## Requirement
All entries are to be transcribed verbatim, but images are not carried over.

(Records contained in a dataset)

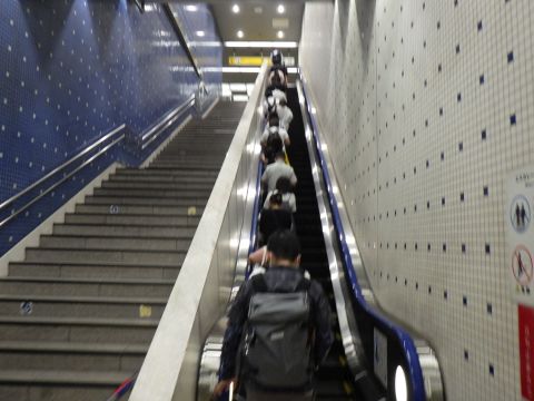 ホームから2段のエスカレーターで改札階へ、さらに2段のエスカレーターで地上へ。大江戸線みたい。
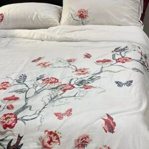 Add a touch of nature to your bedroom with this beautiful set of IKEA JÄTTELILJA duvet covers and pillowcases. The white floral pattern with bird and flower themes is perfect for creating a cozy and comfortable atmosphere. Made with a combination of 100% polyester and 100% lyocell, these materials are soft and durable, ensuring long-lasting use. The set includes a queen-sized duvet cover and two pillowcases, making it a great addition to any bedroom decor. The embroidery details add a unique touch to the overall design, making it stand out. Perfect for any home, this set is sure to bring joy and relaxation to your bedroom.
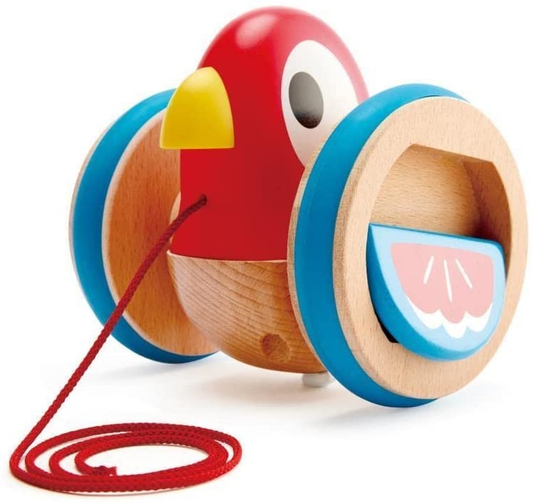 - Das Vögelchen wackelt und schlägt beim Ziehen mit den Flügeln, was für zusätzlichen Spielspaß sorgt.
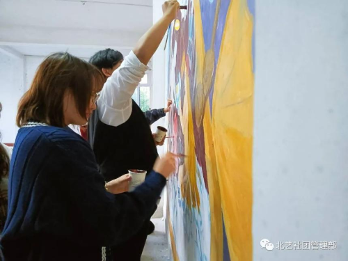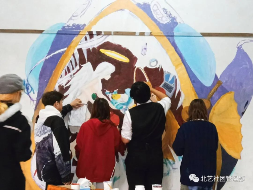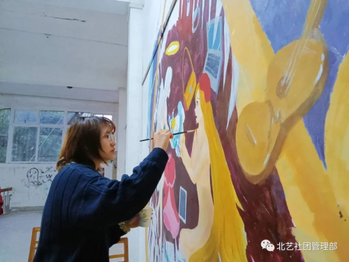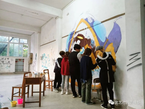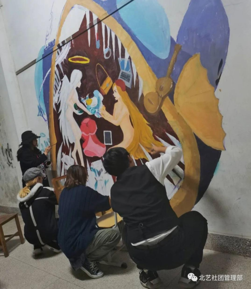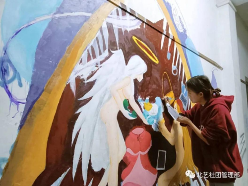 学校手绘社在形体楼2楼墙上留下了一幅美丽的作品。
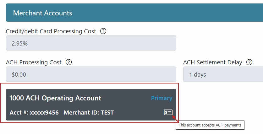 3. Under Merchant Accounts, check to see if there is a bank account indicated and if there is a check and/or card image in the lower right corner. This will let you know which bank accounts are linked to merchant accounts and the approved type of transactions.
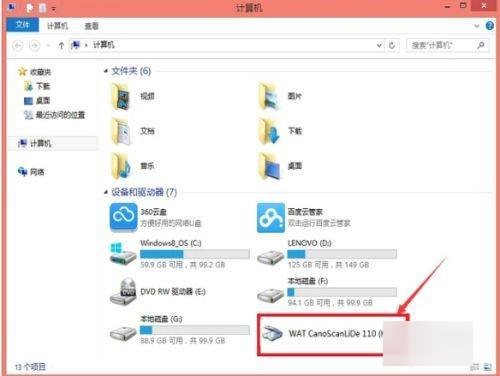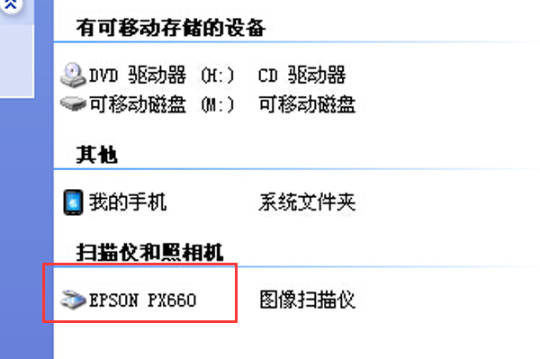 1、将需要扫描的文件放置在epson扫描仪的盖板下面,在装有epson扫描仪的电脑上打开我的电脑,可以看到epson扫描仪。
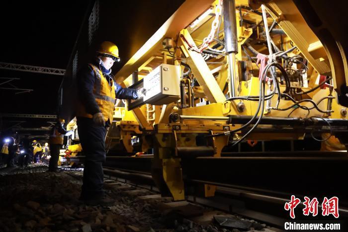 圖為職工緊盯換軌“貪吃蛇”施工作業狀態。丁樹明 攝
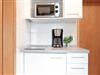 Passend zum Namen Möwe präsentiert sich die Wohnung mit frischen weißen und blauen Farbelementen. Der kombinierte Wohn- und Schlafraum mit gemütlicher Sitzecke und Doppelbett (2x 80x200 cm) lädt zum Verweilen ein. Daneben gibt es ein weiteres Schlafzimmer mit zwei 2 Einzelbetten (je 90x190 cm). Die kleine Pantry-Küche macht Sie flexibel. Das Duschbad ist funktional ausgestattet und hat ein Fenster.

## Result for this exercise
 ホームから2段のエスカレーターで改札階へ、さらに2段のエスカレーターで地上へ。大江戸線みたい。
 Add a touch of nature to your bedroom with this beautiful set of IKEA JÄTTELILJA duvet covers and pillowcases. The white floral pattern with bird and flower themes is perfect for creating a cozy and comfortable atmosphere. Made with a combination of 100% polyester and 100% lyocell, these materials are soft and durable, ensuring long-lasting use. The set includes a queen-sized duvet cover and two pillowcases, making it a great addition to any bedroom decor. The embroidery details add a unique touch to the overall design, making it stand out. Perfect for any home, this set is sure to bring joy and relaxation to your bedroom.
 - Das Vögelchen wackelt und schlägt beim Ziehen mit den Flügeln, was für zusätzlichen Spielspaß sorgt.
 学校手绘社在形体楼2楼墙上留下了一幅美丽的作品。
 3. Under Merchant Accounts, check to see if there is a bank account indicated and if there is a check and/or card image in the lower right corner. This will let you know which bank accounts are linked to merchant accounts and the approved type of transactions.
 1、将需要扫描的文件放置在epson扫描仪的盖板下面,在装有epson扫描仪的电脑上打开我的电脑,可以看到epson扫描仪。
 圖為職工緊盯換軌“貪吃蛇”施工作業狀態。丁樹明 攝
 Passend zum Namen Möwe präsentiert sich die Wohnung mit frischen weißen und blauen Farbelementen. Der kombinierte Wohn- und Schlafraum mit gemütlicher Sitzecke und Doppelbett (2x 80x200 cm) lädt zum Verweilen ein. Daneben gibt es ein weiteres Schlafzimmer mit zwei 2 Einzelbetten (je 90x190 cm). Die kleine Pantry-Küche macht Sie flexibel. Das Duschbad ist funktional ausgestattet und hat ein Fenster.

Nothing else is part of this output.